Learning Intention: This week you will continue to work with line graphs, bar charts, pie charts and scatter plots. Your learning intention is to understand how to describe various graphs in words. You need to be able to interpret the information given.

Success Criteria: You will be able to look at the scale, axes, labels and title of different graphs and be able to describe what they mean. You will be able to match a graph to it’s description and draw a sketch graph from a sentence. These are the activities planned:

1. Find a graph with data in a magazine or newspaper. Cut it out and paste it into your books. Look carefully at the title, axes, labels and scale. Write a few sentences describing what the graph shows.

2. “Which graph is which” worksheet. You will be given nine small graphs and have to match scenarios to the shape of the graph.

3. Maths300: Temperature Graphs. Match the average maximum and minimum temperatures to Australia’s capital cities.

4. Match the graph to the Olympic record time/distance.

5. Which kind of graph would best represent the following situations?

  • Height of a plant growing over time?
  • The various heights of different plants of the same species in a greenhouse, over time?
  • Thousands of plants in a crop to determine which genotype was the fastest growing?
  • Percentage of different species of plants in an area of forest?
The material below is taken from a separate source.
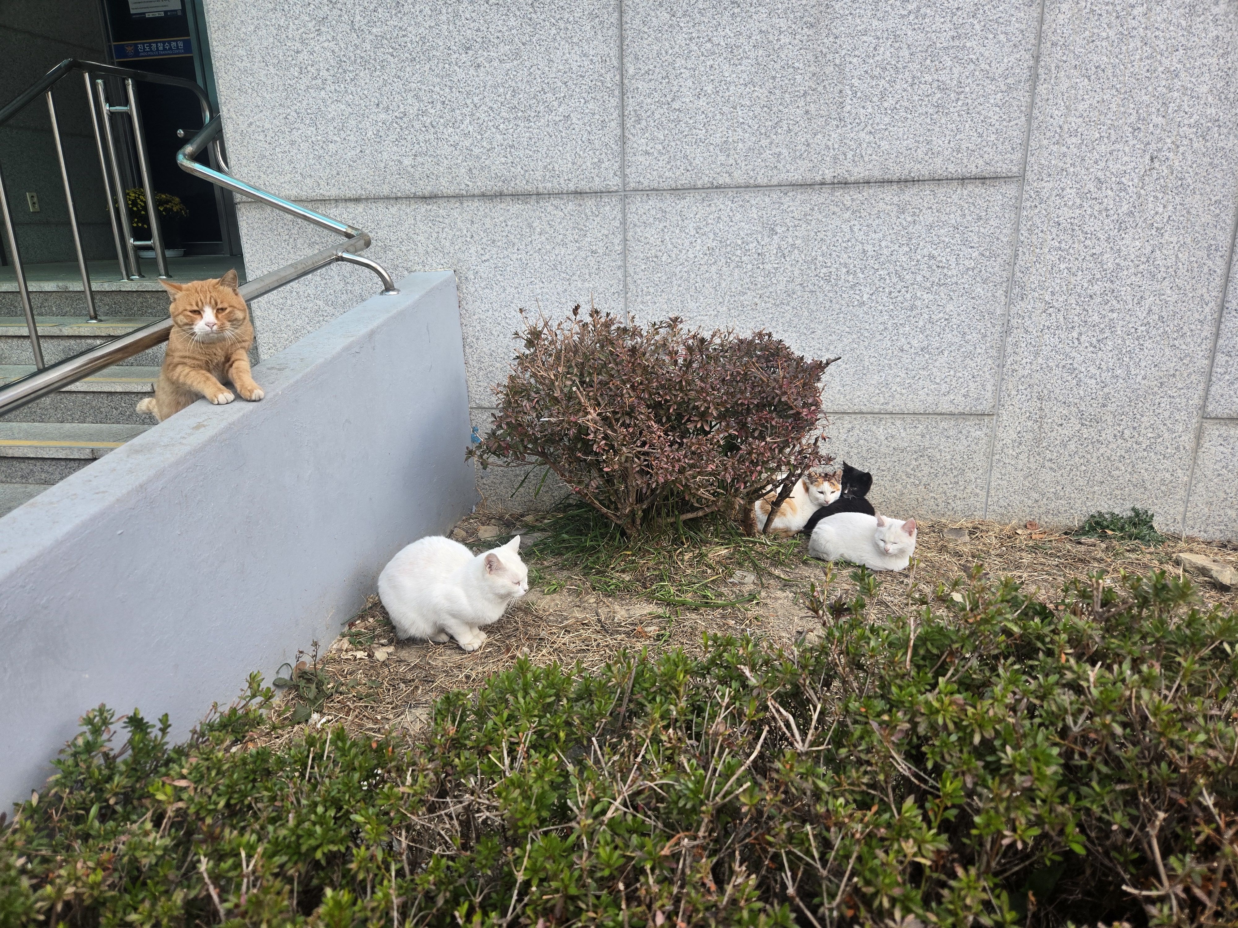 저녁 시간에 바베큐장 쪽으로만 가도 고양이들이 떼로 몰려옵니다.

6. “Purchasing pantyhose” and “Blood Bank” graphs

7. Go to the Melbourne Grand Prix map and note the speed and distance from the start as each car makes it’s way around the track. Draw a graph that shows distance from the starting line on the horizontal axis and speed on the vertical axis.

Read more

Stem-and-Leaf Plots and Scatter plots

Learning Intention: Students will understand what data is suitable for graphing on a scatter plot and be able to describe the significance of a “line of best fit”.

Success Criteria: You will draw a correctly labelled scatter plot from our arm span and height data and determine if there is a relationship between these measurements.
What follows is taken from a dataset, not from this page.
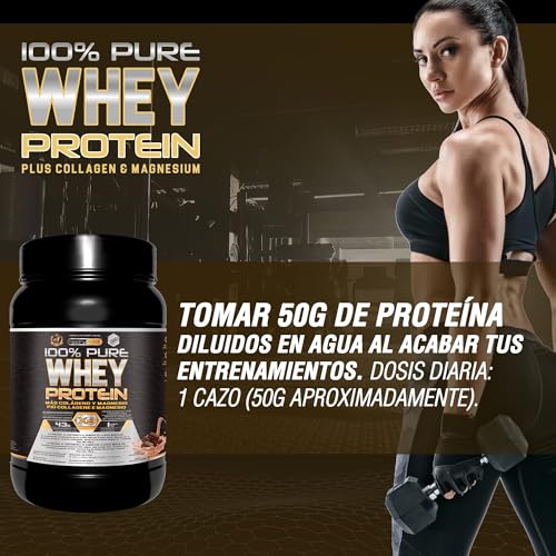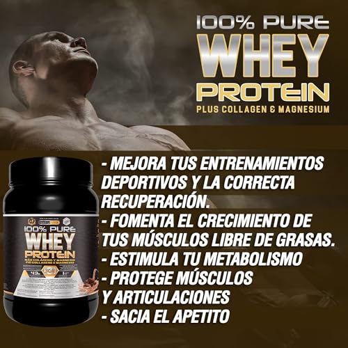 Whey Protein. 100% pura con colágeno + magnesio. Tonifica y aumenta la masa muscular. Protege músculos. 1000g de proteína pura. Sabor a chocolate.

Last week you learnt the definitions for mean, median, mode and range and created a stem-and-leaf plot using the height of students in Year 7. You also measured the length of seven leaves and calculated the mean, median, mode and range of this data. This week we will investigate another type of graph, the scatter plot. Use the data we collected from our Year 7 Maths Survey to graph arm span against height (in centimeters).
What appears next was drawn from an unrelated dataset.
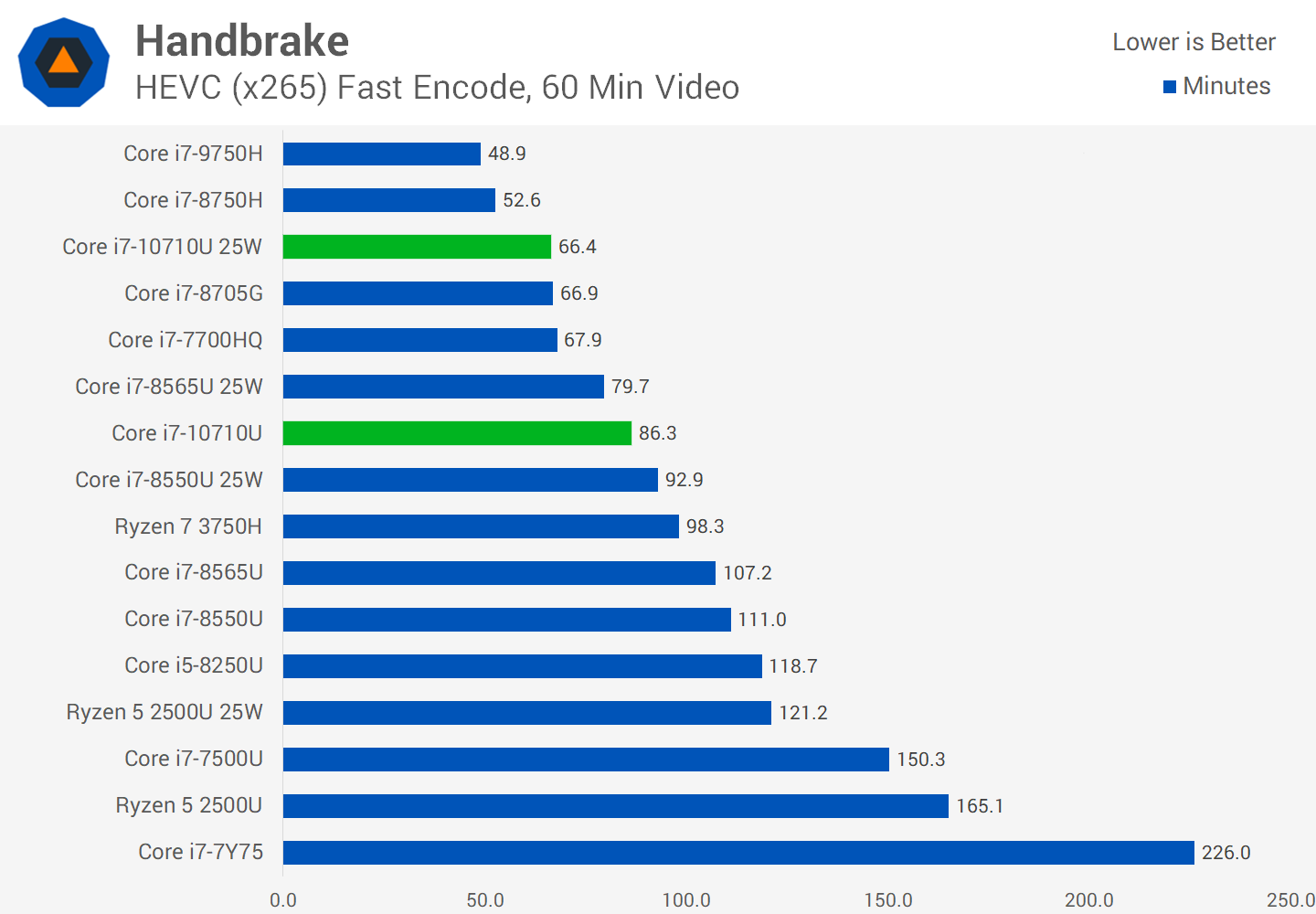 The launch of Comet Lake isn't good news for AMD. The Core i7-10710U is, in our opinion, a much better option than even the Ryzen 7 3750H, and we're talking about a 15W CPU vs 35W here. These CPUs trade blows, despite the 3750H featuring much higher power requirements, and impressively the 10710U even beats it in workloads like Handbrake and especially anything single threaded. The only advantage the 3750H has is a much faster integrated GPU, but that can disappear easily with a discrete GPU pairing, which is becoming more common.

This week we may also get the chance to do other activities with scatter plots:
1. Barbie Bungee
How many rubber bands are needed for Barbie to safely jump from a height of 400 cm?
What is the minimum height from which Barbie should jump if 25 rubber bands are used?
How do you think the type and width of the rubber band might affect the results?
Do you think age of the rubber bands would affect the results–that is, what would happen if you used older rubber bands?
If some weight were added to Barbie, would you need to use more or fewer rubber bands to achieve the same results?
State a possible relationship between the amount of weight added and the change in the number of rubber bands needed.
(thanks to Mrs Jirkovsky at North Adams Public School for writing about this activity on her blog!)
2. Be an actuary – distance vs earthquake intensity.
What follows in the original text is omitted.